The majority concludes, based on the totality of the circumstances, that defendant had been “stopped” by the time that the deputy patted him down and that (in the absence of any claim by the state that the stop was justified *590by reasonable suspicion of criminal activity or a safety threat) the trial court should have suppressed evidence that the deputy discovered as a result of that stop. The majority focuses on two aspects of the encounter: the giving of Miranda warnings and what it characterizes as two alterations in “defendant’s course of conduct *** by the police actions in beckoning him to the porch and then leading him into a flat area for field sobriety tests.” 263 Or App at 588. With respect, I dissent.

As the Supreme Court recently explained in State v. Backstrand, 354 Or 392, 402 n 11, 313 P3d 1084 (2013), in determining whether an encounter between a police officer and another person amounted to a “stop” of that person, a court’s analysis should focus on “the officer’s words and actions and what they would convey to a reasonable person.” (Emphasis in original.) Thus, the question this case presents is whether a reasonable person would believe that the deputy had “intentionally and significantly restricted, interfered with, or otherwise deprived [defendant] of his or her liberty or freedom of movement,” when the deputy asked defendant if he could speak with him, walked with defendant to the “flat area,” read him Miranda warnings, and requested consent to pat him down.
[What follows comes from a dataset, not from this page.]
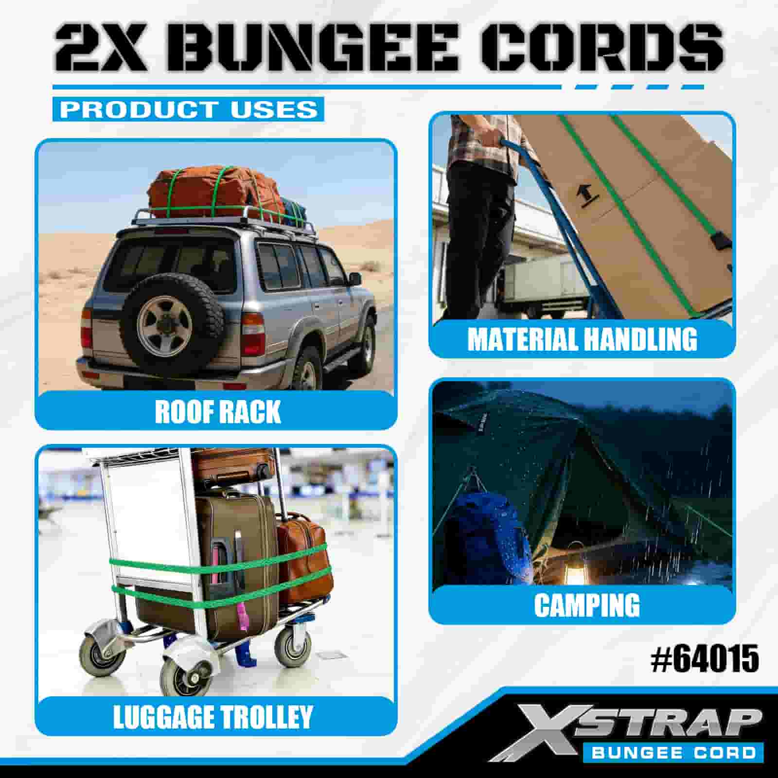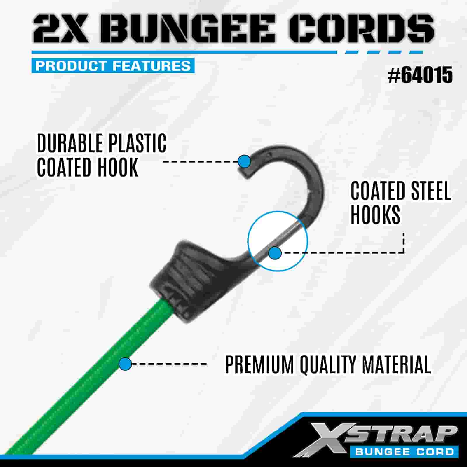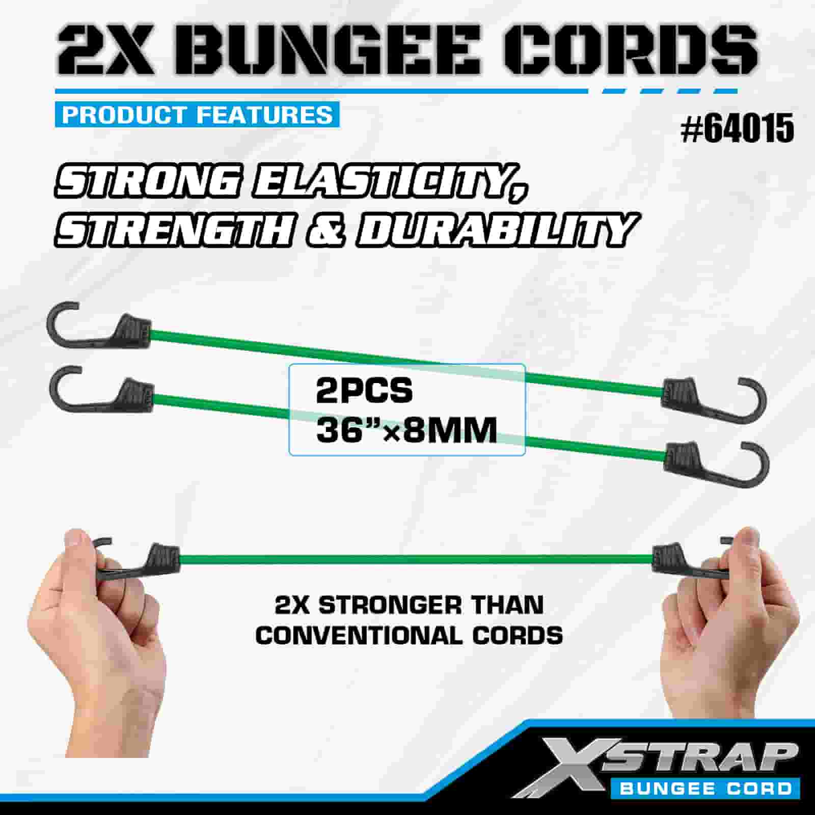 Xstrap 2PK 2X Bungee zsinórok 8 mm x 36”, 88-110 font szakítószilárdság erős horgokkal a rakomány irányításához.
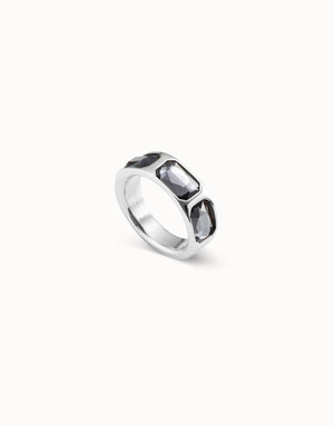 Make a bold statement with this handcrafted UNODE5O ring from Spain, featuring three faceted dark gray crystals set in sterling silver plating. Its edgy design and striking color contrast add a daring touch to any outfit, perfect for those who want to stand out with confidence and style.

Id. at 399; see also id. at 402 (“Again, what is required is a show of authority by which, through words or action, the officer’s conduct reasonably conveys that the officer is exercising his or her authority to significantly restrain the citizen’s liberty or freedom of movement.”). I would hold that the deputy’s questions and actions did not have that effect.

First, the deputy’s requests of defendant — that he come outside to speak with the deputy and that he allow the deputy to perform a patdown search (as well, perhaps, as an implicit request that defendant walk with the deputy to the “flat area”) — would not, standing alone, constitute a stop. In that regard, it is worth emphasizing that the deputy did not, at any point in the encounter, order defendant to move in a particular direction or otherwise change his physical location. The deputy repeatedly denied having ordered defendant out of his house, and the trial court found that the deputy merely asked defendant to come outside. Moreover, nothing in the record suggests that the deputy *591directed defendant to follow him to the “flat area” where he intended to administer field sobriety tests. Accordingly, I do not find the same significance that the majority does in defendant’s movement from inside the house to the flat area outside.

Because the deputy’s requests were just that— requests — they did not, alone, constitute a stop. “Rather, something more than just asking a question, requesting information, or seeking an individual’s cooperation is required” before an officer can be said to have made “a ‘threatening or coercive’ show of authority requiring compliance with the officer’s request.” Id. at 403 (quoting State v. Ashbaugh, 349 Or 297, 317, 244 P3d 360 (2010)). Here, the majority finds that “something more” in the deputy’s reading of Miranda warnings, which the majority describes as communicating that defendant had been arrested or otherwise was in compelling circumstances that had restrained his freedom. 263 Or App at 588. I agree that the Miranda warnings— at least, the recitation that defendant had a right to legal counsel — could reasonably suggest that defendant was the subject of a criminal investigation, perhaps even that the deputy believed that he had reason to detain defendant. However, that does not resolve the question of whether defendant was stopped. Rather, the question remains whether a reasonable person would conclude that the officer’s words or actions in fact amounted to a significant restraint on defendant’s liberty.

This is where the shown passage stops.